The only goal was get the girl at all costs. Even if the replies made no sense.

They men didn't even seem to realise that they were talking to a robot horse. If they did, they certainly didn't care.

"These people are talking by rote," Sam told tech blog, Slacktory. "I've had people send the same message to several of my accounts, some in different continents, all with the same avatars. They’re completely oblivious. It’s a horse robot talking to a meat robot."

Sam said contrary to popular opinion, advice on how to fend off creepy internet pick-up artists doesn't work.

"A lot of people just get angrier or hornier," he said.

Slacktory Writer, Virgil Texas who runs a Tumblr and Twitter account documenting the advice shared by repulsive pick up artists on forums and message boards said these men's routines had an "almost hypnotic pull".

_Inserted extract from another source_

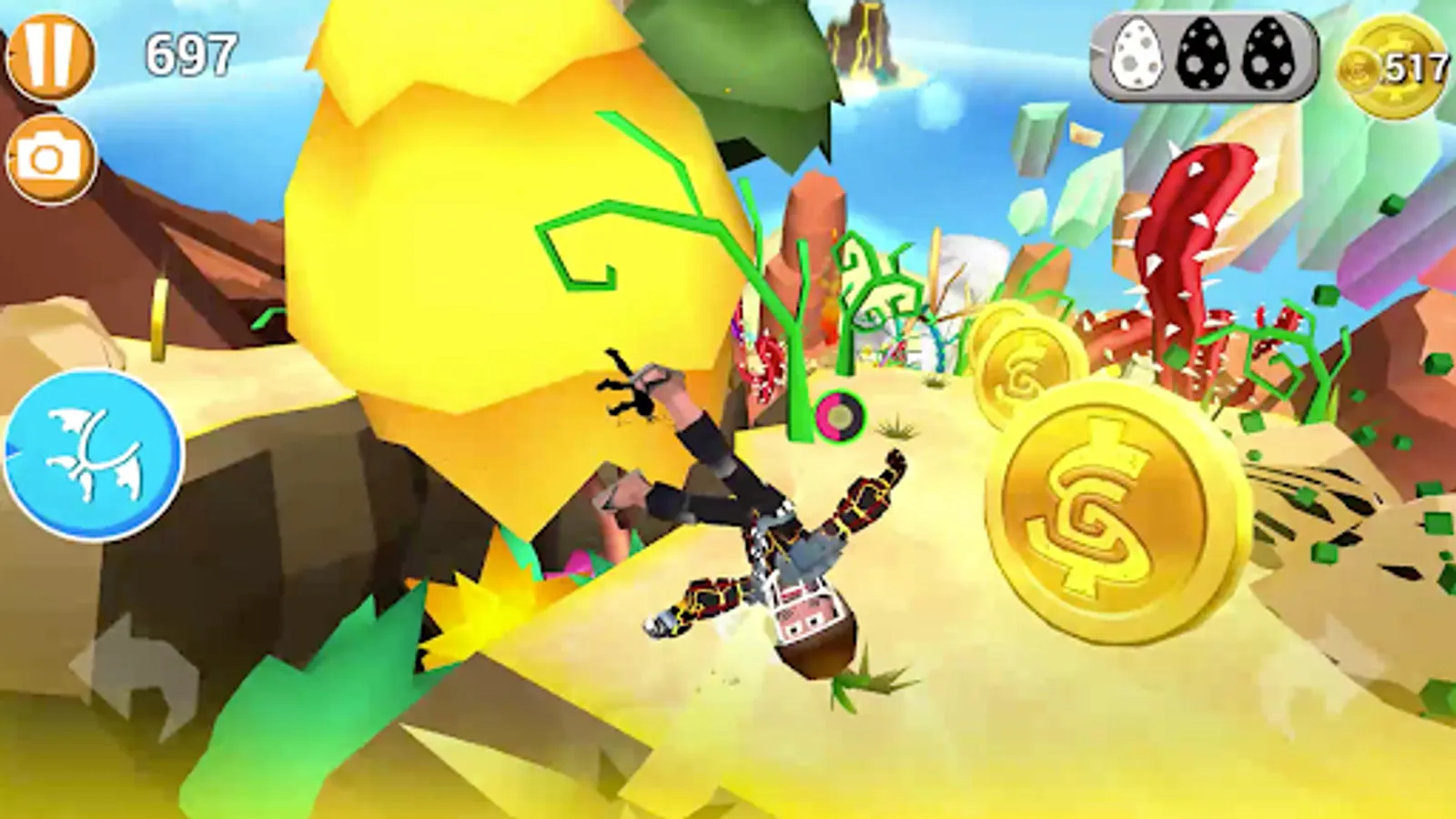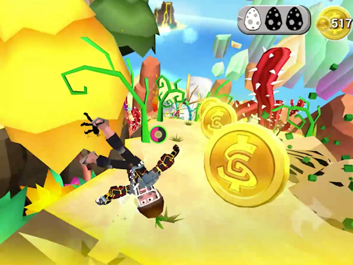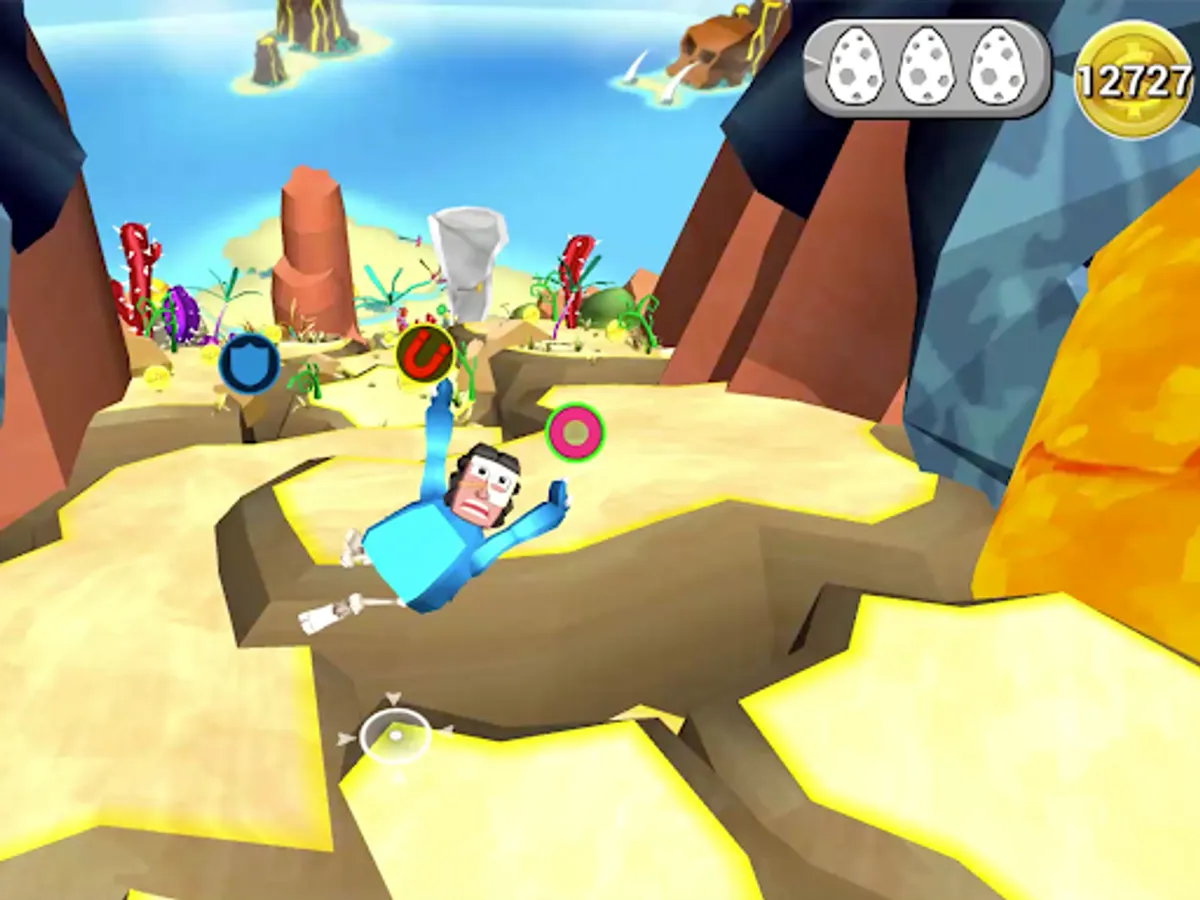 While hunting for some dinosaur eggs, you disturb a mighty volcano and are tossed down the side of the mountain. You are forced to keep ‘tumbling’ down the mountain avoiding obstacles and hazards in order to remain ahead of the pursuing lava flow.

(They) "are grounded in psychology about the 'female brain' and specious ideas about evolution and 'human nature' that even a stoned philosophy student would be embarrassed to say aloud," Texas wrote.

"No" is not an answer these men were used to hearing. And like Ok Cupid users' experience with the robot horse, Texas said her experiences trawling "the seduction community" showed that no matter how women responded to online pick ups, "the script remained essentially the same".

"The resultant one-sided conversation is a hollow parody of human interaction," Texas wrote.